Known motifs in GM12878 and K562 were included in our prediction

	#Motifs predicted	Collection	#Motifs in the collection	#Motifs in the collection predicted	%Motifs in the collection predicted
		factorbook_gm12878	36	20	55.56
GM12878	961	dreme_gm12878	195	149	76.41
		Kheradpour et al._gm12878	67	43	64.18
		factorbook_k562	47	33	70.21
K562	953	dreme_k562	259	209	80.69
		Kheradpour et al._k562	64	43	67.19

It is also worth mentioning that most predicted motifs were also similar to known motifs (Supplementary file S4). We observed that 2258 (84.13%) of the 2684 predicted motifs were similar to at least one motif in the seven motif collections. We considered these 2258 predicted motifs as known motifs. A total of 379 of the 426 remaining motifs were similar to at least one motif in the seven collections together with the JASPAR 2010 All Collection with TOMTOM E-value < 1 or STAMP E-value < 1E-4. Only 47 predicted motifs were likely new motifs that were not similar to any motif with TOMTOM E-value < 1 or STAMP E-value < 1E-4. Such a high percentage (>84.13%) of motifs similar to known motifs indicated that the predicted motifs were likely biologically meaningful. To evaluate whether the predicted motifs may also represent motifs other than TF binding DNA motifs, we compared the predicted motifs with the 244 RNA-binding motifs described in (36). We found that 65.98% of RNA motifs in (36) were similar to the 2684 motifs. Moreover, 654 (24.37%) out of the 2684 predicted motifs were similar to at least one RNA motif.

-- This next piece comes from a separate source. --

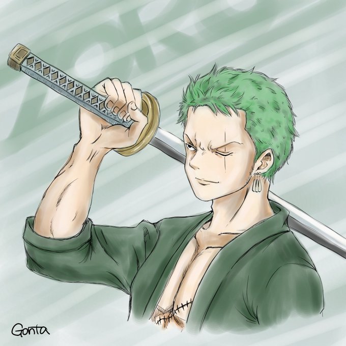 描きかけのゾロのこと忘れてて今ベースの色だけは終わらしたw あとは影とか色々調整したら完成だぜ(๑•̀ㅂ•́)و✧ #ワンピース #イラスト #ゾロ #絵かきさんと繋がりたい #いいねした人全員フォローする

The 47 new motifs are likely functional

To investigate the functionality of the 47 new motifs, we studied the functions of their cofactors in the predicted motif modules. For every new motif, we collected all predicted motif modules containing at least two known motifs and this new motif. We then examined whether the known motifs in a motif module shared functions described by similar gene ontology (GO) terms using GOTermFinder (50). If yes, we checked whether target genes of the motif modules significantly shared similar GO terms. Here the target genes of a motif module were approximated as the genes closest to the DHSs containing TFBSs of the motif module. We found that for 43 out of the 47 new motifs, their cofactors shared similar functions and such shared functions were also shared by their target genes, which implied that the new motifs may have similar functions to those of their cofactors. For instance, in the dataset 117_fKidney_renal_pelvis-DS20448, the adjusted motif M699 was found in multiple motif modules with three known cofactor motifs, TCF12, TFAP2C and SMARCB1. TCF12, TFAP2C and SMARCB1 share several GO terms related to positive regulation of metabolic process, such as GO:0010604 (positive regulation of macromolecule metabolic process) and GO:0051173 (positive regulation of nitrogen compound metabolic process). Consistently, the target genes of the motif modules formed by M699 and the motifs of the three TFs significantly shared the functions GO:0010604 (multiple comparison corrected P-value 6.71E-04) and GO:0051173 (multiple comparison corrected P-value 1.03E-05) (50). Such a consistency of functions of cofactors and target genes supported the functionality of the motif modules in metabolic regulation. It also strongly implied that the new motif was functional and possessed similar functions to those of the cofactors.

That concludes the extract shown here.